Could someone please add a note about this issue on the release page for 1.9.0-alpha1? I would not have attempted the upgrade if I had known about this but now I have a cluster with no control plane and no easy way of rolling back to 1.8.7.

jpds on 13 Mar 2018

👍1

It would appear that downgrading the kubernetes version doesn't also bring down the version of kubeup utils:

/var/cache/kubernetes-install $ cat kube_env.yaml 
Assets:
- 0f3a59e4c0aae8c2b2a0924d8ace010ebf39f48e@https://storage.googleapis.com/kubernetes-release/release/v1.8.7/bin/linux/amd64/kubelet
- 36340bb4bb158357fe36ffd545d8295774f55ed9@https://storage.googleapis.com/kubernetes-release/release/v1.8.7/bin/linux/amd64/kubectl
- 1d9788b0f5420e1a219aad2cb8681823fc515e7c@https://storage.googleapis.com/kubernetes-release/network-plugins/cni-0799f5732f2a11b329d9e3d51b9c8f2e3759f2ff.tar.gz
- 0dc1b84eac8bd859e4ba266f7f40111cda26bb30@https://kubeupv2.s3.amazonaws.com/kops/1.9.0-alpha.1/linux/amd64/utils.tar.gz
ClusterName: platform.k8s.local
ConfigBase: s3://cluster-state-store/platform.k8s.local
InstanceGroupName: master-eu-west-1a
Tags:
- _automatic_upgrades
- _aws
- _kubernetes_master
- _networking_cni
channels:
- s3://cluster-state-store/platform.k8s.local/addons/bootstrap-channel.yaml
protokubeImage:
  hash: 7dfd9493043ffa8ea7437e188613b470947b37f7
  name: protokube:1.9.0-alpha.1
  source: https://kubeupv2.s3.amazonaws.com/kops/1.9.0-alpha.1/images/protokube.tar.gz

jpds on 13 Mar 2018

Leave command list I used to roll back broken k8s for somebody.

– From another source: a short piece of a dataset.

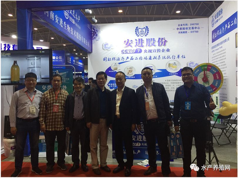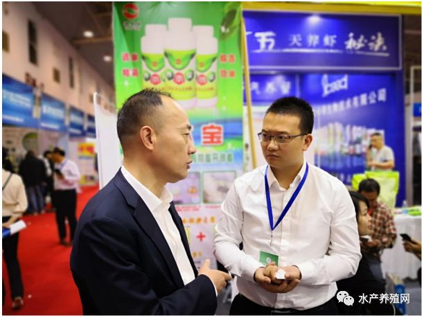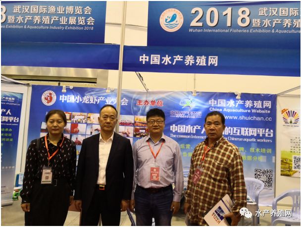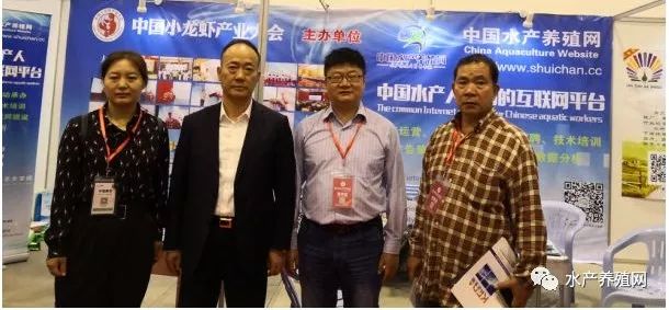 中国渔业协会常务副秘书长彭斌辉、副秘书长任宏伟(上图左一)、中国渔业协会水产动保分会秘书长王树平(右二)莅临中国水产养殖网展位指导。

# change kubernetesVersion. e.g. 1.8.4
$ kops edit cluster your_cluster

# change image. e.g. kope.io/k8s-1.8-debian-jessie-amd64-hvm-ebs-2017-12-02
$ kops edit ig master-us-west-2a --name your_cluster
$ kops edit ig nodes --name your_cluster

$ kops update cluster your_cluster
$ kops update cluster your_cluster --yes

$ kops rolling-update cluster your_cluster 
$ kops rolling-update cluster your_cluster --yes --cloudonly --fail-on-validate-error="false"

jngbng on 13 Mar 2018

What I had to do:

Change /var/cache/kubernetes-install/kube_env.yaml to:

Assets:
- 0f3a59e4c0aae8c2b2a0924d8ace010ebf39f48e@https://storage.googleapis.com/kubernetes-release/release/v1.8.7/bin/linux/amd64/kubelet
- 36340bb4bb158357fe36ffd545d8295774f55ed9@https://storage.googleapis.com/kubernetes-release/release/v1.8.7/bin/linux/amd64/kubectl
- 1d9788b0f5420e1a219aad2cb8681823fc515e7c@https://storage.googleapis.com/kubernetes-release/network-plugins/cni-0799f5732f2a11b329d9e3d51b9c8f2e3759f2ff.tar.gz
- f62360d3351bed837ae3ffcdee65e9d57511695a@https://kubeupv2.s3.amazonaws.com/kops/1.8.0/linux/amd64/utils.tar.gz
ClusterName: platform.k8s.local
ConfigBase: s3://cluster-state-store/platform.k8s.local
InstanceGroupName: master-eu-west-1a
Tags:
- _automatic_upgrades
- _aws
- _kubernetes_master
- _networking_cni
channels:
- s3://cluster-state-store/platform.k8s.local/addons/bootstrap-channel.yaml
protokubeImage:
  hash: 1b972e92520b3cafd576893ae3daeafdd1bc9ffd
  name: protokube:1.8.0
  source: https://kubeupv2.s3.amazonaws.com/kops/1.8.0/images/protokube.tar.gz

Run:

$ wget https://kubeupv2.s3.amazonaws.com/kops/1.8.0/linux/amd64/nodeup
$ chmod +x nodeup
$ sudo mv nodeup /var/cache/kubernetes-install/
$ sudo systemctl restart kops-configuration # otherwise it keeps using the old version of nodeup
$ sudo docker ps -a

jpds on 13 Mar 2018

The above didn't help, I was able to bring up the masters but couldn't get the nodes to come back up. Brought down the semi-production cluster and redeployed.

jpds on 13 Mar 2018

@fredsted Thanks for the "shitty" script. It fixed the master node for me.